Cheers: NHS PgCert-HC Cohort 4 celebrates graduation at Missenden Abbey in October 2018. Lynn Viatge (front, second left), head of BNU’s school of health and social sciences (CHCR’s home base), made the awards.
The NHS Postgraduate Certificate in Health Communications (PgCert-HC) was launched in 2015. It addresses a partly-unmet UK market need for a ‘gold-standard’ course. One which provides a comprehensive and high-level skill-set for senior communicators in health and social care. Here you can:
- Access the latest flyer for Cohorts 06-09 (2019-20)
- Find a graphic overview of the course (scroll down)
- Register your interest in future courses here.
Course development and structure
Commissioned by the UK National Health Service (NHS), the course was designed and developed by the senior CHCR team in collaboration with the communications development group at the NHS Trust Development Authority (now NHS Improvement).
It is taught in four intensive residential weeks: three at the University’s Missenden Abbey conference centre and one in collaboration with the University of Huddersfield Business School. There are regular appearances by senior guest lecturers/speakers from both the NHS and the wider public and commercial sectors.
The course inverts the conventional process which begins with external communications (e.g. media). It recognises, instead, that at the highest levels in health and social care, effective communications is always founded at the interpersonal level. The PgCert-HC comprises four modules: interpersonal, engagement, leadership and external communications (see graphic below).
Cohorts 06 and 07 ran in 2019. Cohorts 08 and 09 are current (May 2021) and running several months late – having transferred online due to the C19 pandemic.

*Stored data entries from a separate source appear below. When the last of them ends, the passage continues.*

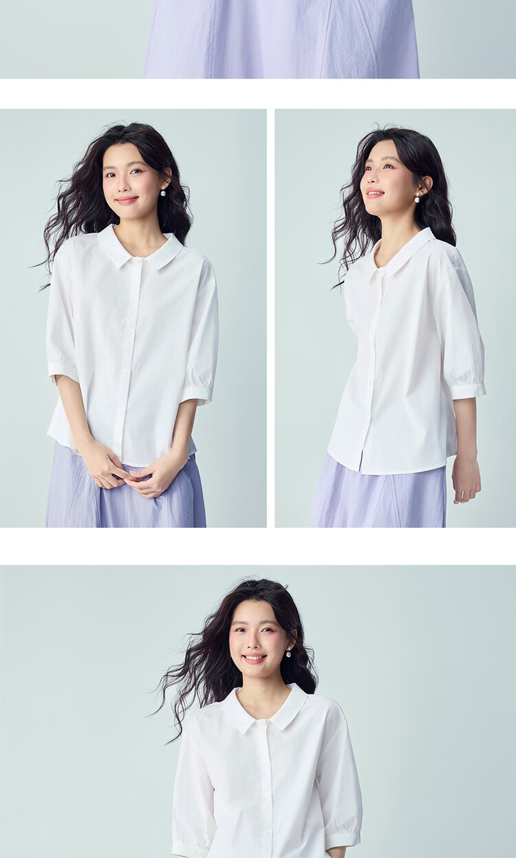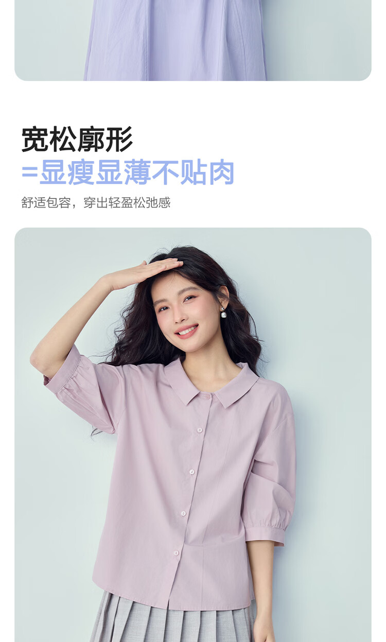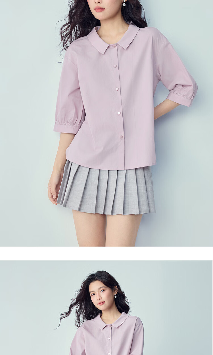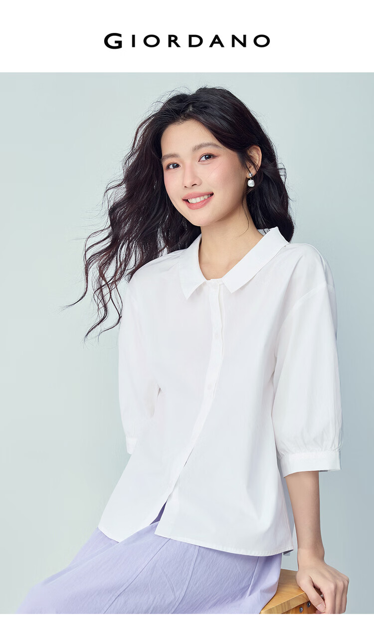 Giordano 2026 Sommer neuer Stil, hautfreundliche, atmungsaktive Baumwolle, lockeres, lässiges Revers-Mittelarm-Shirt für Damen 13346208
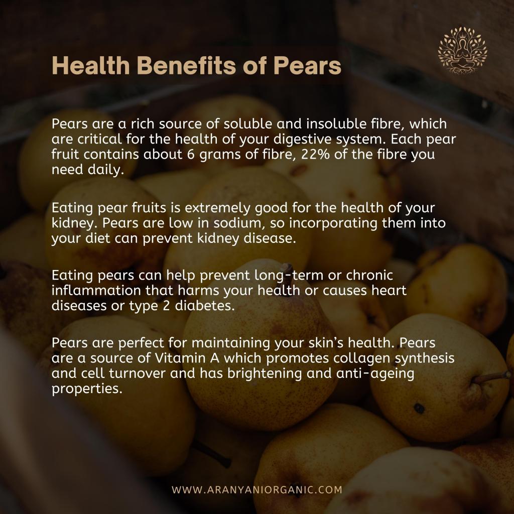 Eat Pears for a Smooth Digestion: The prime health benefit of eating a pear is that it helps to get smooth digestion. It is rich in dietary fibre and hence helps to enhance the function of the digestive system. Eating pears also help in reducing the symptoms of constipation and IBS.
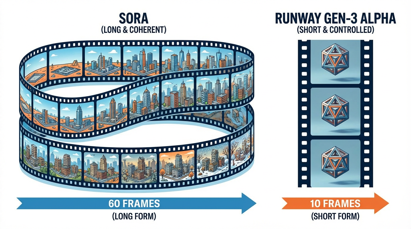A visual representation of video length and coherence. The left side shows a long film strip (60 frames visible) with a complex, evolving scene that remains temporally consistent (Sora). The right side shows a short film strip (10 frames visible) with a single, perfectly controlled camera movement (Runway Gen-3 Alpha).
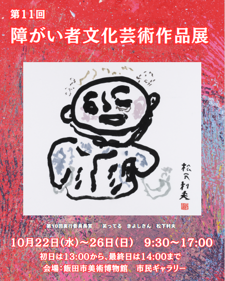 飯田市社会福祉協議会では、市内で文化芸術活動に取り組む障がいのある方の作品展「第11回障がい者文化芸術作品展」を開催します。

They are expected to graduate in October 2021. Details regarding later cohorts are pending.
Interpersonal
Equips students with the personal confidence and necessary verbal and non-verbal skills to:
- Principles & core verbal/non-verbal skills
- Relationships & rapport
- Meetings, conflict & negotiation
- Influence
- Coaching, mentoring and knowledge transfer.
Engagement
(Staff, Patient & Community)
Applies the inter-personal skill-set to address:
- Engagement principles & the data platform
- Patient experience & communications
- Staff, change, culture & campaigns
- Behaviour change and community engagement
- Social marketing.
External
Founded on issues management and brand narrative, the final module returns to the external dimension to introduce key models and applications across:
- Corporate and financial communications
- Public affairs
- Social communications and CSR
- Risk, reputation management and crisis communications
- Innovation: social and digital communications.
Leadership
Equips the health communicator with the necessary competencies to act as a senior/board level adviser in health and social care organisations including:
- Strategic communications leadership
- Consultation
- Vision, law & ethics
- Strategic marketing & services
- Evaluation
- Data, digital and security.
Preparing for the Future: NHS Communications
Good communications and engagement is at the heart of how the NHS engages with patients, public, communities and our staff. The leadership and expertise provided by professional communicators has a vital role to play in improving the patient experience.

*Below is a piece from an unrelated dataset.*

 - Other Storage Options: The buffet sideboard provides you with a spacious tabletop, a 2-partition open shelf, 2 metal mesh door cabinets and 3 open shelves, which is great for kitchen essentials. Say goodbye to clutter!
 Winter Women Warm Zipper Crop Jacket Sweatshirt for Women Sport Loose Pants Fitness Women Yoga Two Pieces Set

Our NHS communicators are leading innovation on a daily basis, whether by delivering high profile campaigns that lead to desired behaviour change, leading public consultation and engagement, or providing high quality information to patients. If you aspire to leadership in NHS communications and engagement, this bespoke NHS Postgraduate Certificate in Health Communications can help prepare you to achieve your ambition. It aims to develop both strong practitioners and future leaders.

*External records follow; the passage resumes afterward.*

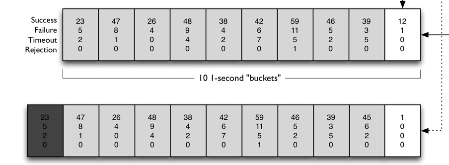 断路器实现的关键就在于如何计算一段时间内服务调用的失败率,那么Hystrix是如何做的呢?
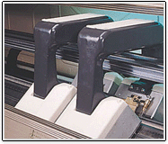 雙機頭,可合併成雙口;或分離成兩個單口系統,同時織兩片,或任意關閉其一系統來進行織造。
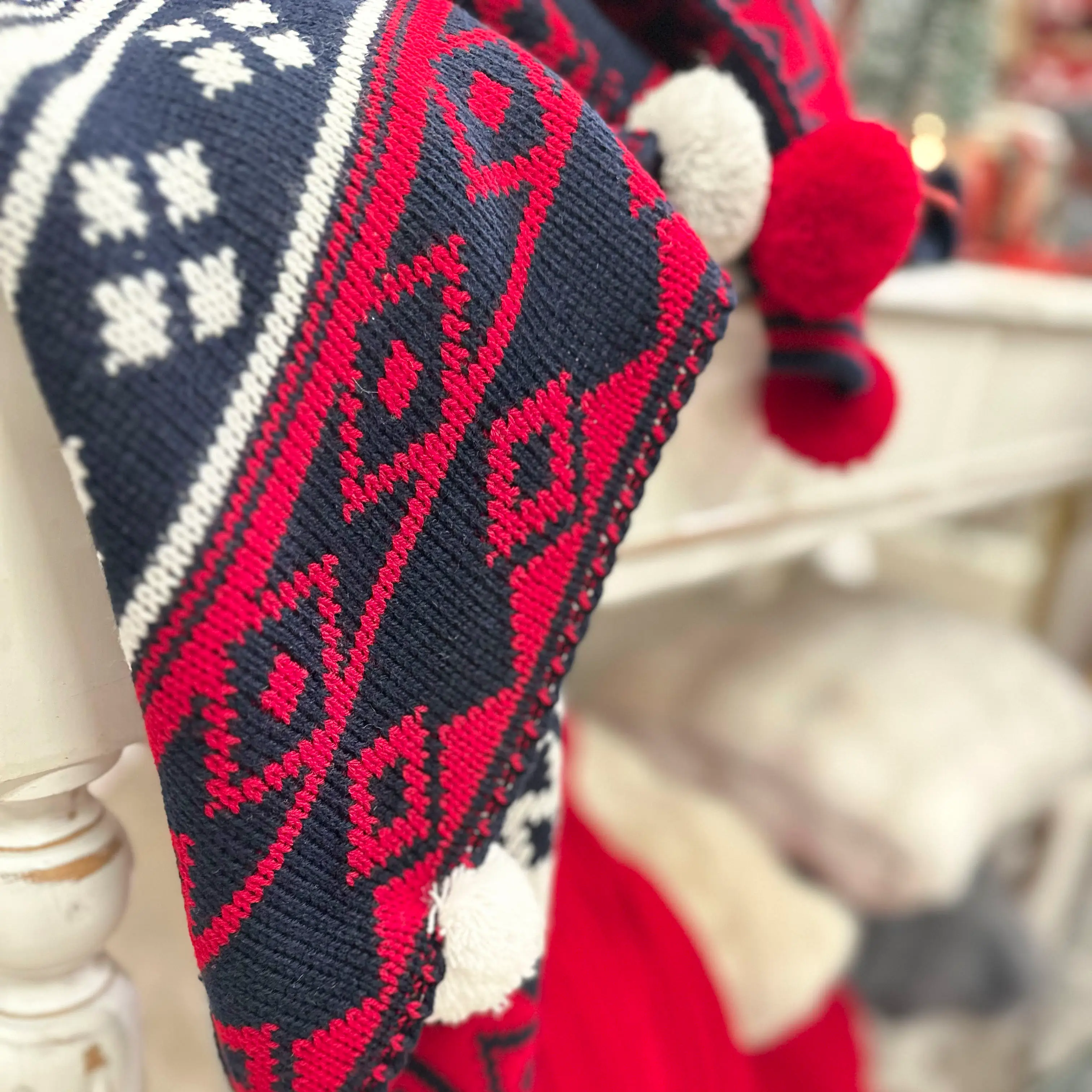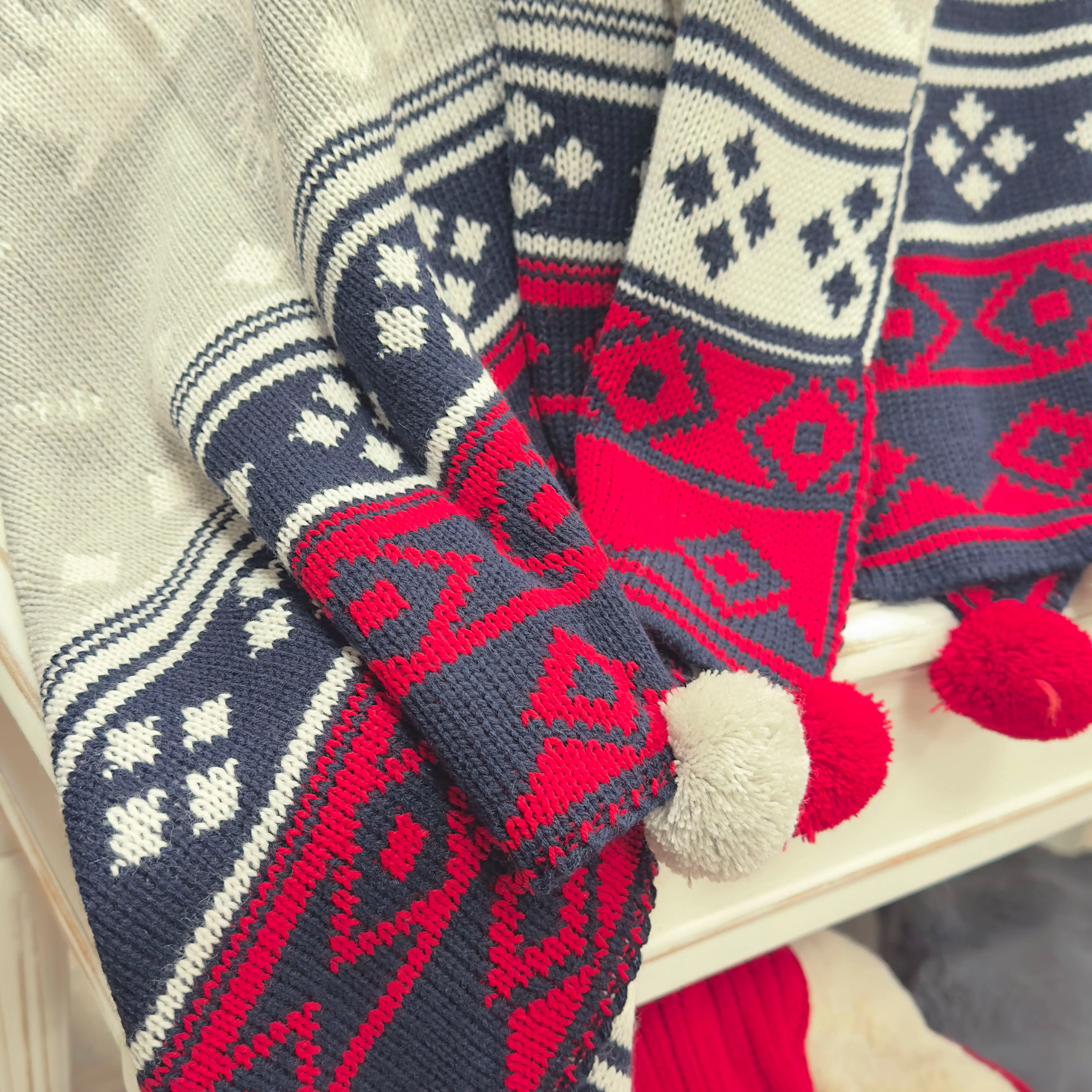 Snow Set Triko Şal & 45x45 Kırlent / Kırmızı - Lacivert

The course seeks to improve among other key objectives, your strategic understanding, planning and delivery of organisational and system objectives. It aims to improve your skills, methods and understanding of ‘what good looks like’. It also focuses on developing your soft skills including confidence building, decision making, ‘managing up’ as well as your understanding of legal and NHS policy frameworks for major service change. The joint NHS Improvement and NHS England communications development programme is committed to continuous learning, supporting the development of operational skills and strategic leadership in communications and engagement across the NHS system. We recognise that with the need to meet growing expectations from patients, to involve staff in transforming ways of working and to work closely with stakeholders and partners to deliver safe and effective local health services in every community, the role of NHS professional communicators is crucial.